USABILITY, another 2014 trend, seems to reign supreme at Google, as it tries to keep up with the loss of users who are increasingly preferring in app search. It is becoming clear that while advertising and search budgets are moving to mobile, consumers are moving away from browser search (Google kingdom) to in-apps search for product, places and other recommendations, in particular Yelp has been performing well in this.
Much of Google’s latest search developments have been focusing on mobil. GoogleBots can now detect mobile rendering exactly as users do on their devices. Currently, mobile sites that generate errors are penalized in mobile search results, but experts forecast that soon mobile UX will be part of Google’s algorithm.

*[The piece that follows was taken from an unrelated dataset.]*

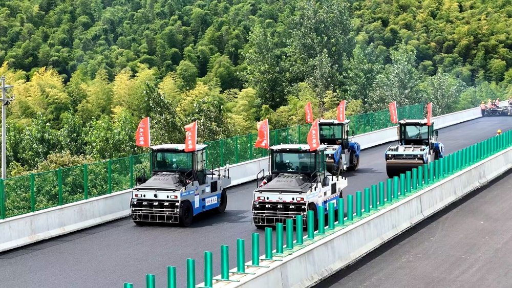 宣涇高速是安徽省五縱十橫高速公路網(wǎng)重要組成部分。近日,在安徽建工路橋承建的宣涇高速一期03標(biāo)項目施工現(xiàn)場,一臺大型攤鋪機(jī)正將瀝青均勻攤鋪在道路上,多臺壓路機(jī)跟在后面,有序碾壓。走近施工設(shè)備,卻發(fā)現(xiàn)駕駛室空無一人。原來,這是在進(jìn)行瀝青無人智能攤鋪施工。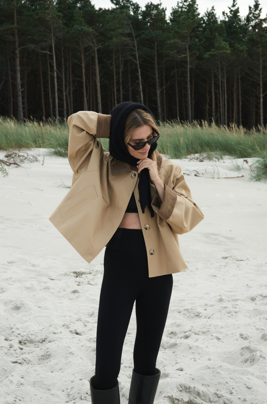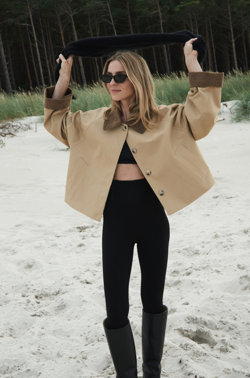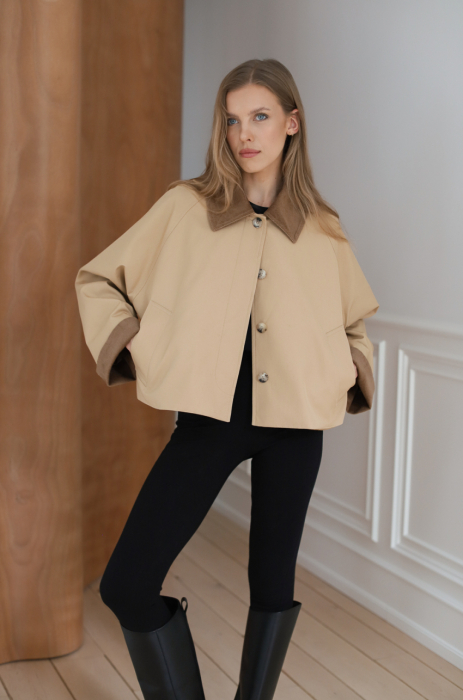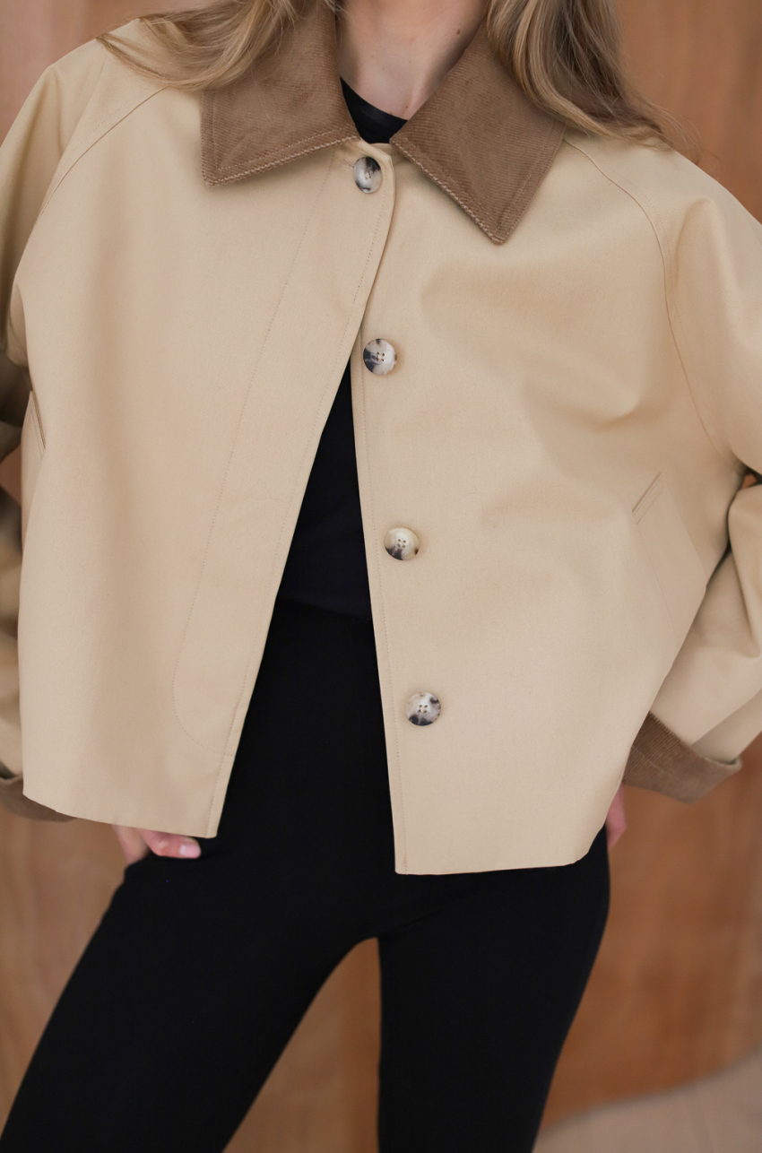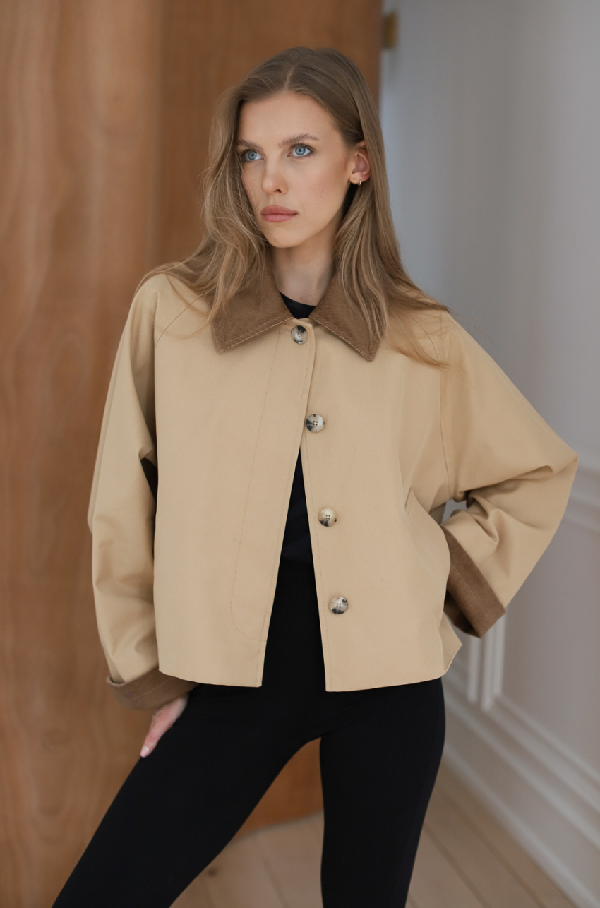 Jesienna kurtka o długości do bioder. Zapinana na guziki ukryte w listwie. . Kurtka posiada sztruksowy kołnierz, który dzięki odpowiedniemu skrojeniu, zawsze dobrze się układa. Tkanina, z której został uszyty, jest pokryta warstwą hydrofobową co sprawia, że ma właściwości wodoodporne.

Google Now is another important piece of the mobile search news puzzle. A direct competitor of Apple’s Siri and Windows’ Cortana, Google voice activated service access not only the web but its cards use information from your device, like location , and from other Google products (Gmail, G+, Chrome), plus data from third-party products that you allow Google Now to access.
Focus is shifting from what sites do on their pages/sites (keywords, links, metatags if you’re still using them…), to who is searching. Search is moving towards optimizing around the user with results relevant to their location, history, profile
As the importance of classic SEO staples like keywords and links is decreasing, content strategy and UX (especially mobile) are gaining ground. This doesn’t mean that keywords, links are no longer important, let’s say they remain as the foundation of search, they are givens of the search industry, but not crucial factors to be found by interested users.
The emphasis is shifting on effective communications practices to provide the kind of regular, useful, authentic content that will reach their target audiences and stakeholders when they need it and in the best format for the device they’re on.